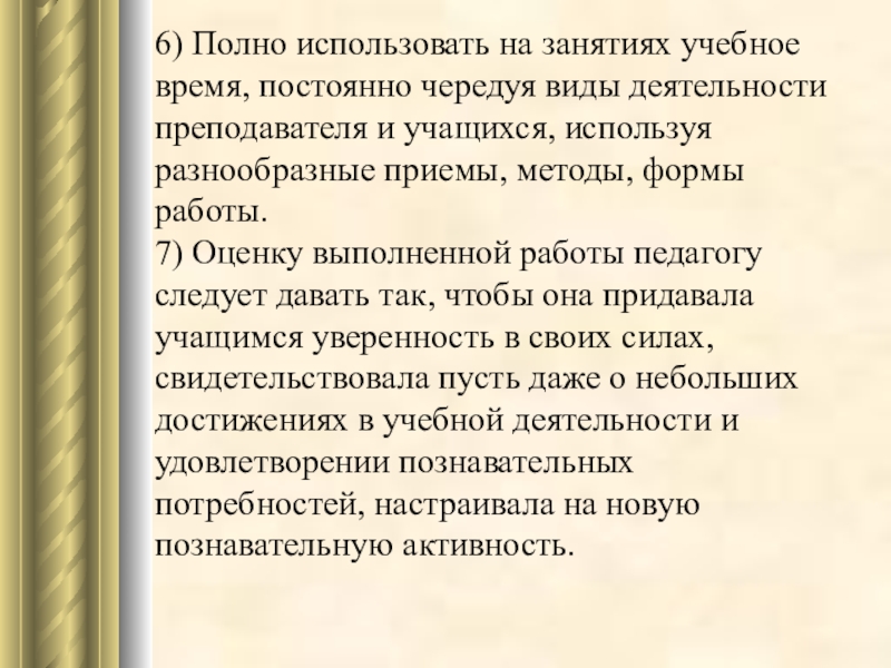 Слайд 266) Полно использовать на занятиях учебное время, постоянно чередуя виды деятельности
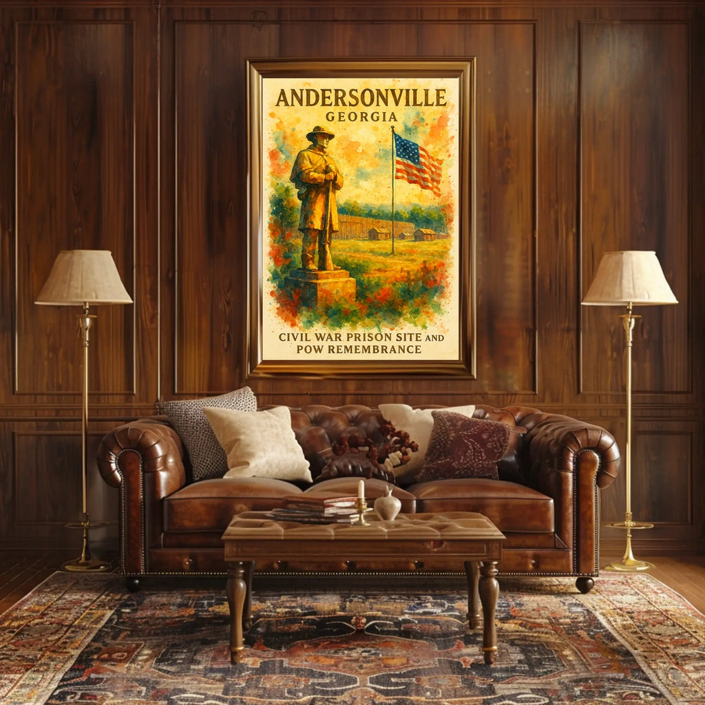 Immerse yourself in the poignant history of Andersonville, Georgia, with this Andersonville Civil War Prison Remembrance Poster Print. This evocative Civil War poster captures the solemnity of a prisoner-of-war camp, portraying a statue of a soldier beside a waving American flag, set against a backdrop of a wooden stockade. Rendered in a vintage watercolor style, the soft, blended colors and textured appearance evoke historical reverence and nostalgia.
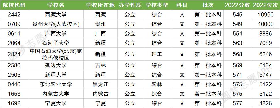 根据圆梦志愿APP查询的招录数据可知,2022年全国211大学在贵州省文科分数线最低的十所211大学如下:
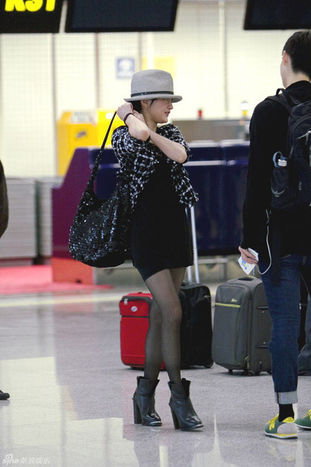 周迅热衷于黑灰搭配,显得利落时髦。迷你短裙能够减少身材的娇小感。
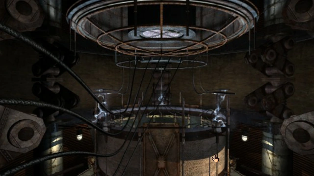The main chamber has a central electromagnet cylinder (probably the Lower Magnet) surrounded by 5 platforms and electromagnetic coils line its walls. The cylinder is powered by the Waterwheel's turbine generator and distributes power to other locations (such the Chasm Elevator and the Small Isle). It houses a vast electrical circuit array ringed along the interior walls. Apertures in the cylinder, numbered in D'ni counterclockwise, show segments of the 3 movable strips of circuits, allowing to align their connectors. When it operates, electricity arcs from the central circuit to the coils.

*Work order*:
Set down every entry exactly as it appears, but skip the pictures.

*Result of the task*:
 Слайд 266) Полно использовать на занятиях учебное время, постоянно чередуя виды деятельности
 Immerse yourself in the poignant history of Andersonville, Georgia, with this Andersonville Civil War Prison Remembrance Poster Print. This evocative Civil War poster captures the solemnity of a prisoner-of-war camp, portraying a statue of a soldier beside a waving American flag, set against a backdrop of a wooden stockade. Rendered in a vintage watercolor style, the soft, blended colors and textured appearance evoke historical reverence and nostalgia.
 根据圆梦志愿APP查询的招录数据可知,2022年全国211大学在贵州省文科分数线最低的十所211大学如下:
 周迅热衷于黑灰搭配,显得利落时髦。迷你短裙能够减少身材的娇小感。
The main chamber has a central electromagnet cylinder (probably the Lower Magnet) surrounded by 5 platforms and electromagnetic coils line its walls. The cylinder is powered by the Waterwheel's turbine generator and distributes power to other locations (such the Chasm Elevator and the Small Isle). It houses a vast electrical circuit array ringed along the interior walls. Apertures in the cylinder, numbered in D'ni counterclockwise, show segments of the 3 movable strips of circuits, allowing to align their connectors. When it operates, electricity arcs from the central circuit to the coils.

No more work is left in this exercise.